Wednesday, November 27, 2013

Fukuoka Revisited

The bridge in the day time

It’s been five years since I was last in Fukuoka, and when I returned this year, it was to a very different city, or was it?

As I walked from Tenjin to Hakata Station at 2:00 a.m., and sobering up from a night of drinking with old and new friends, I wondered if the city really changed, or if I had.

Five years ago, Fukuoka was the least memorable excursion of a two-month long trip through Japan. I was on a tourist visa, and armed with a JR Rail Pass, which allowed me to ride the bullet trains all over the country. I stopped in Fukuoka for three days. It was just after a most memorable time in my favorite city, Hiroshima, but just before I was meeting some friends in rural Shikoku.

I was alone in Fukuoka. I wondered the streets and ate yatai and tried to find a piece of myself in this city but it didn’t work.
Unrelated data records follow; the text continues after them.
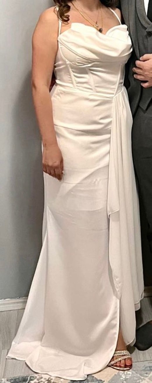 Bu beyaz elbise, straplez yaka ve ince askılarla düz kesim ve vücuda oturan bir siluete sahiptir. Minimalist ve çağdaş tarzda, klasik şıklık sunar.
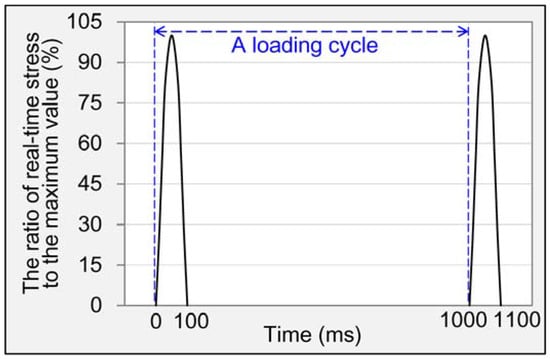 The fatigue crack resistance of asphalt mixture was evaluated by means of indirect tensile (IDT) fatigue test according to AASHTO-TP31 standard [31]. The samples were the same as those used in hot water damage test. IDT fatigue test was also conducted by UTM. The test temperature was 15 °C, and samples were moved to a temperature control chamber of UTM to keep the surface and internal parts at the same test temperature. Stress-controlled mode with three stress levels of 400, 500 and 600 kPa was adopted, and loading signal was haversine waveform as shown in Figure 4. Three replicates for every asphalt mixture at each stress level were considered. The loading number, at which the main radial crack propagated completely through the specimen, was defined as fatigue life (Nf).
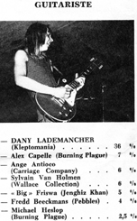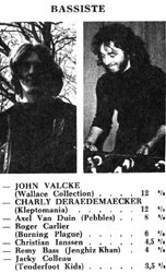 J.M. : Cette même année, Piero organise un grand référendum dans l'hebdomadaire Télé Moustique : le Pop Poll 70. Kleptomania occupe la première place et recueille 44% des suffrages. Votre disque est classé en tête. Plébiscite également pour Dany Lademacher sacré meilleur guitariste, Roger Wollaert, meilleur batteur, et toi meilleur bassiste en ex-æquo avec John Valcke. Ca ne vous a pas donné la grosse tête ? |
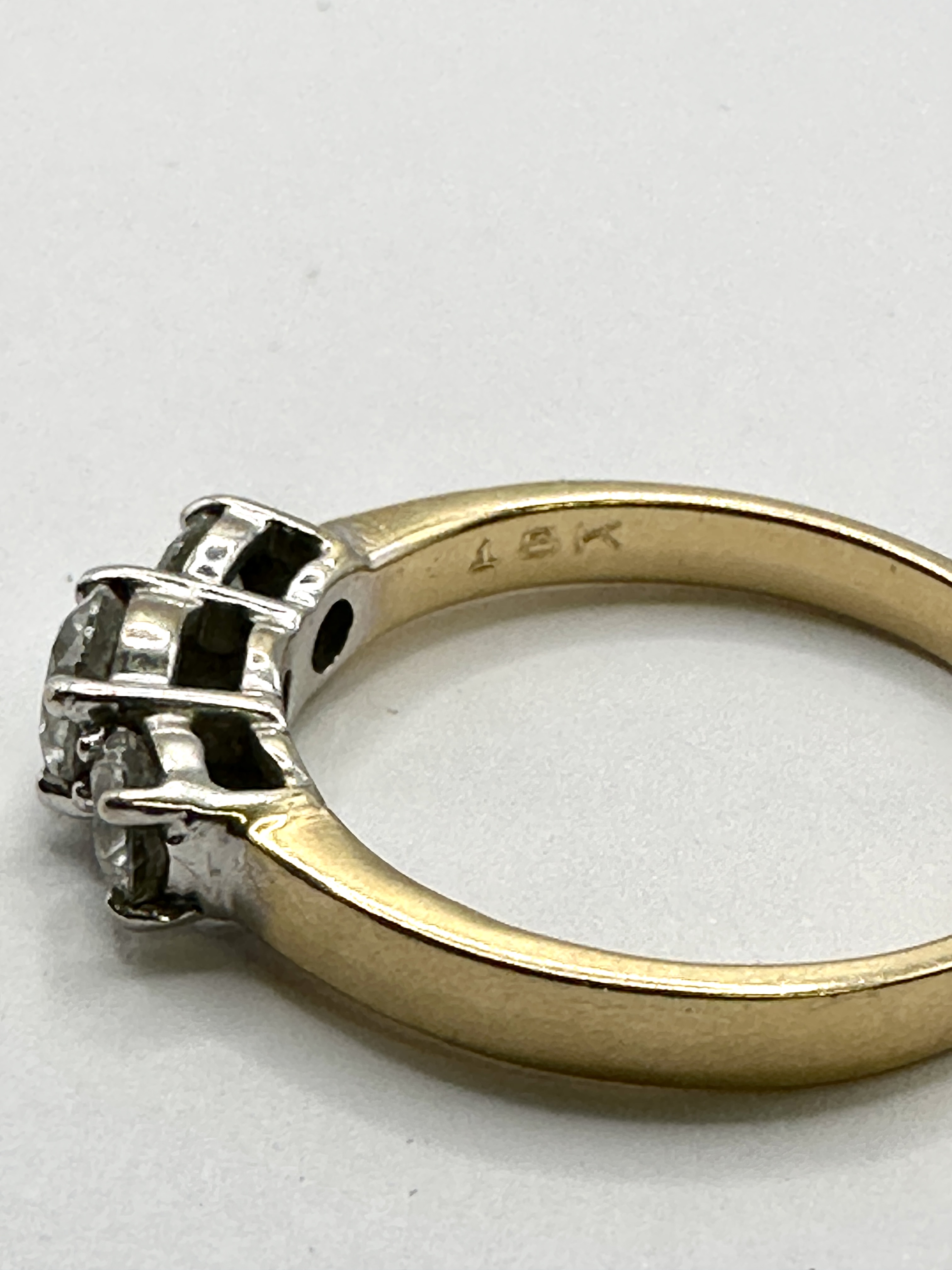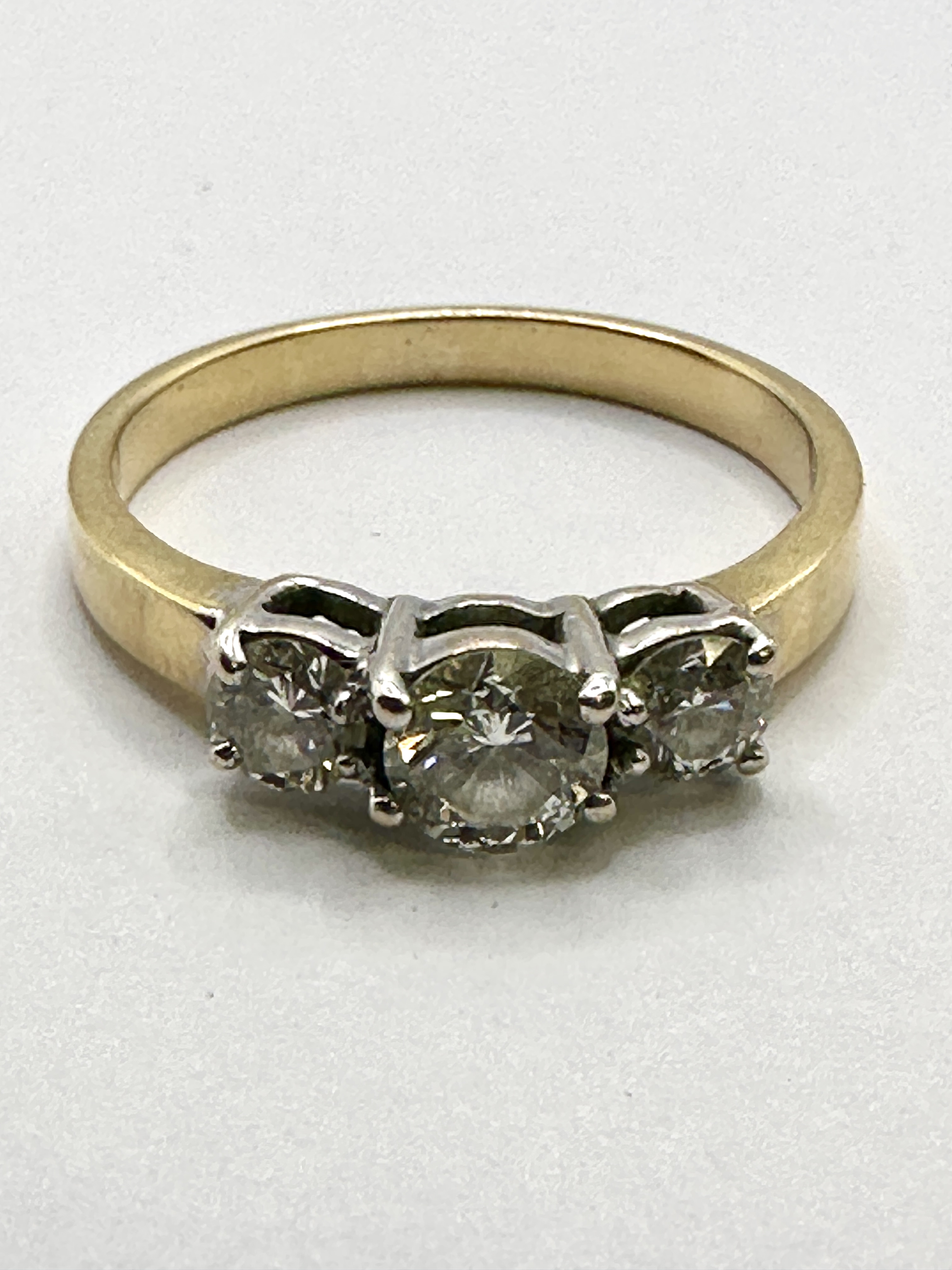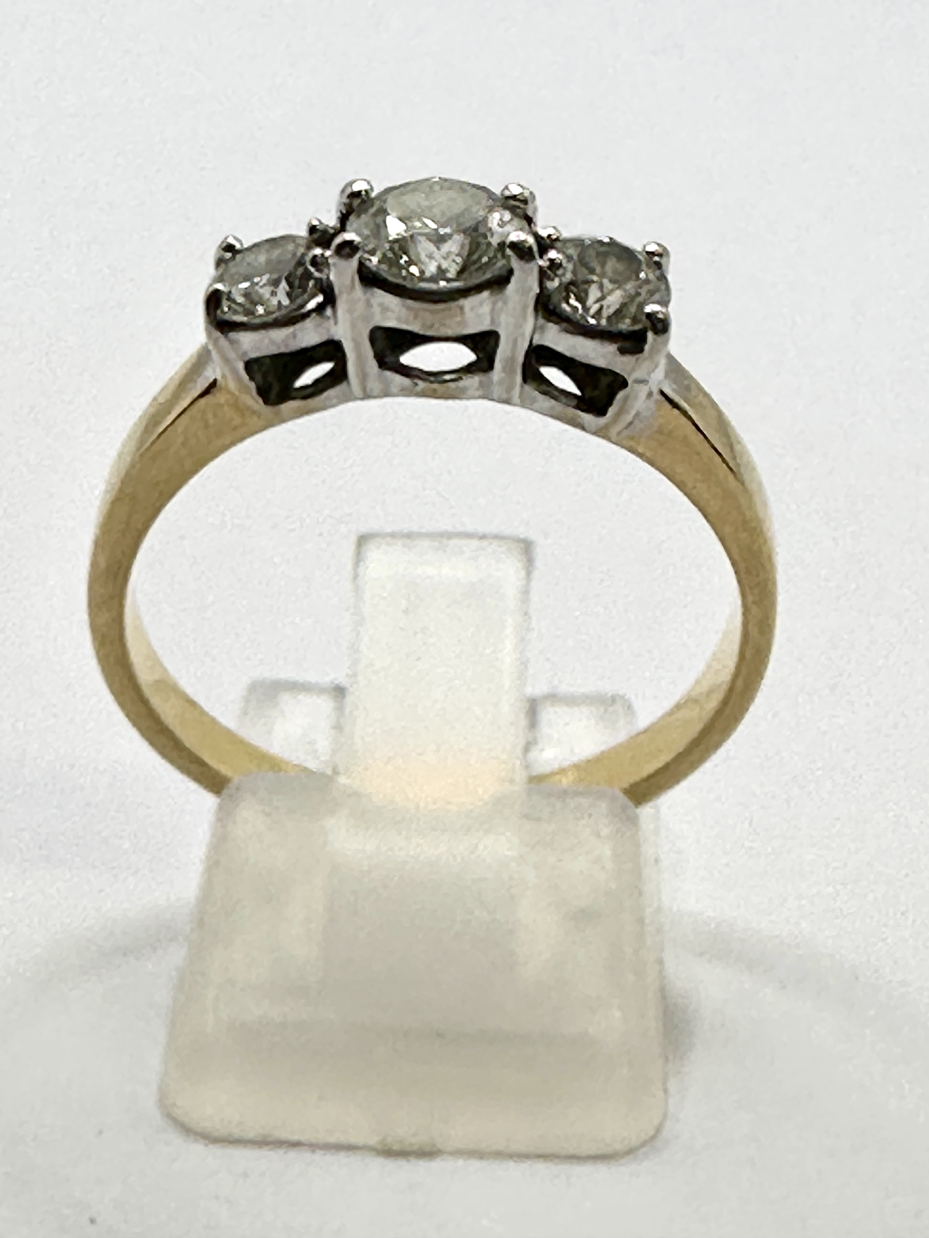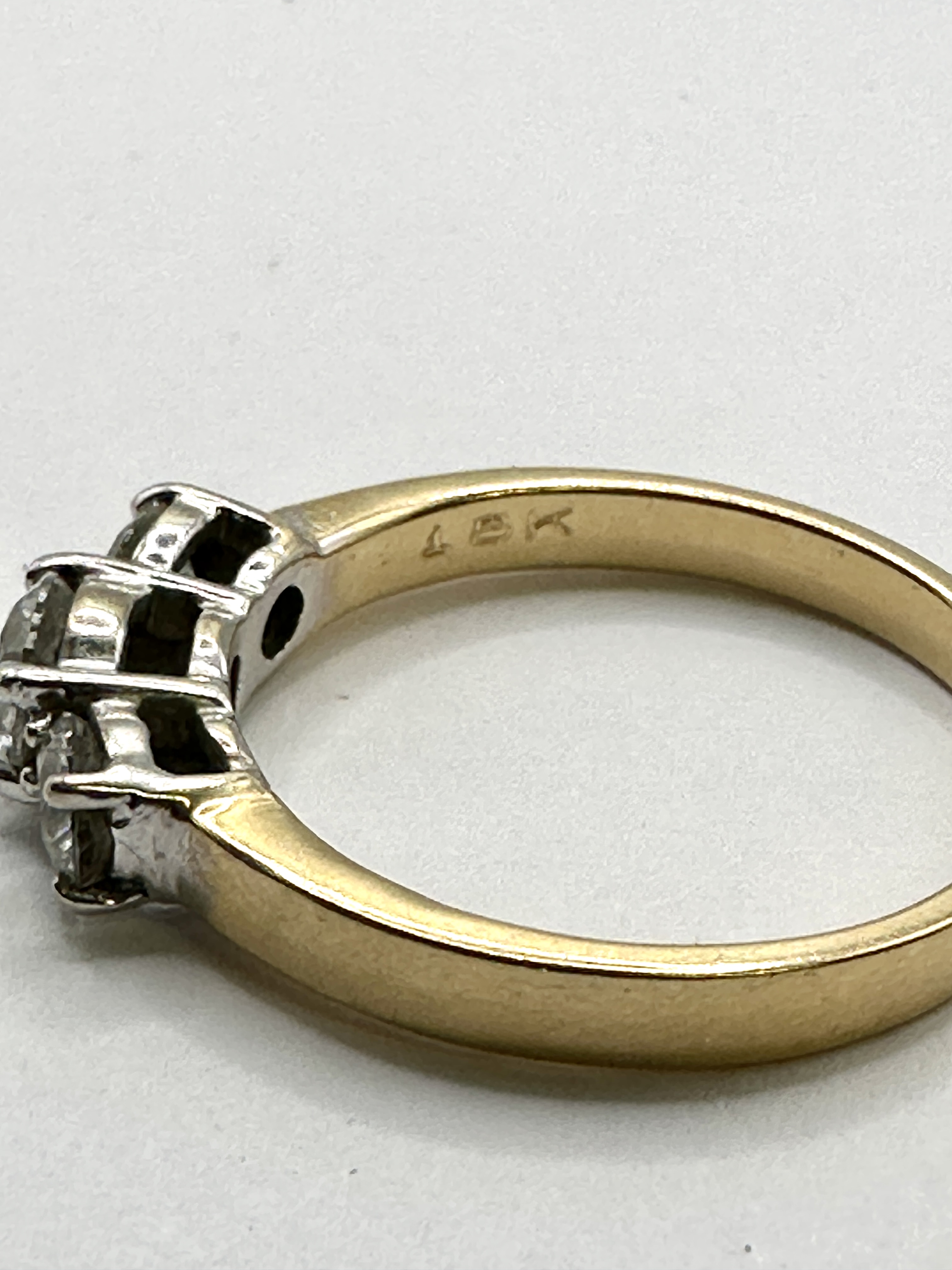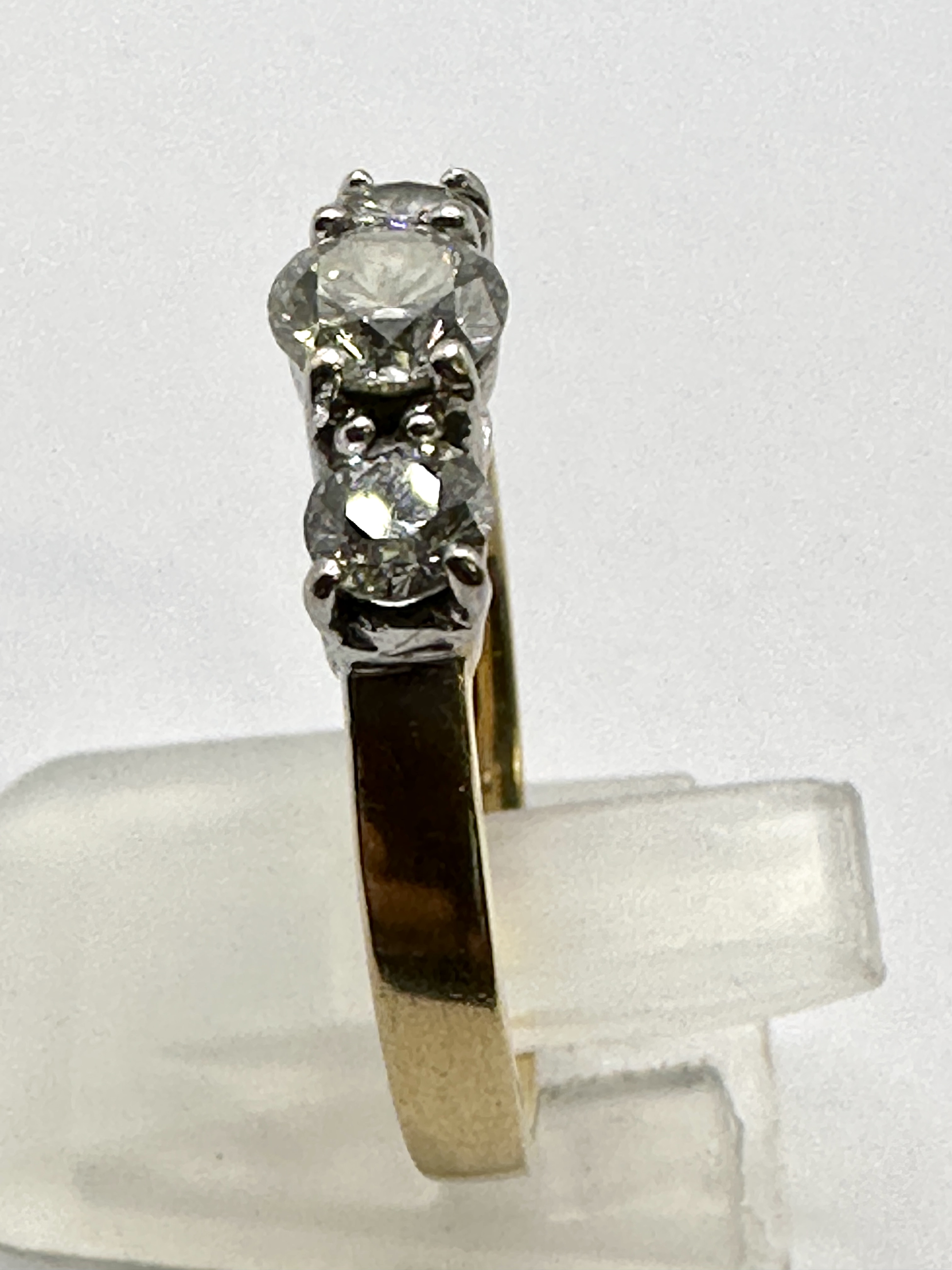 An 18 carat gold and diamond three-stone trilogy ring. The piece is of bi-metal construction, featuring a yellow gold shank and white gold settings. The ring is set with a central round brilliant-cut diamond, flanked by two smaller round brilliant-cut diamonds, all held in four-claw settings. The interior of the shank is stamped 18K.

It felt line a non-character in an characterless city.
But one night, I met a man on the street who would become one of my very best friend for life. The kind of friend who would fly from Australia to be “man of honor” at my wedding this summer. The kind of friend you meet on the street when you are two foreigners in a city with one hostel (um, there is now more than one hostel in Fukuoka).  

He was a tourist from Australia, midway through a months-long trip like myself.
He asked for directions, I asked him out for a drink.
The rest is history.

On that fateful night, we also met two Japanese girls at Tsutaya Bookstore’s Starbucks. It was 2:00 am. One girl approached me in English and said her friend wanted to speak to me. I don’t remember that girl at all now, but I remember her friend.
We kept in touch over the year through social media, and I met that friend-of-a-stranger-in-a-bookstore once again on my trip to Fukuoka.
In fact, she’s my friend now.

We had an amazing meal at a popular Fukuoka restaurant. The course dishes were from various parts of Kyushu, with the main entry being Fukuoka-style Motsu-nabe, which is a soup of intestines. It was one of the best meals of my life.
And by the way, that friend-of-a-stranger-who-is-now-my-friend also bought along a friend of her own, who is now also my friend.

We capped of the night with karaoke in a smoky room in Tenjin.

And I walked back to my hostel at Hakata station, but not before stopping to pause at bridge in the middle of the night. The scene demanded more than a passing glance.
I stayed there for several minutes, looking out at the cityscape, until I realized that I was drunk, and leaning over a bridge at 2:00 am, and it probably made for a worrisome scene.

The bridge at night

I decided this year that I love Fukuoka.

Because I met my best friend there five years ago.  
Because I have friends living there now.
Because I had an awesome meal of cow intestines.
Because of the beautiful scene at the bridge at night.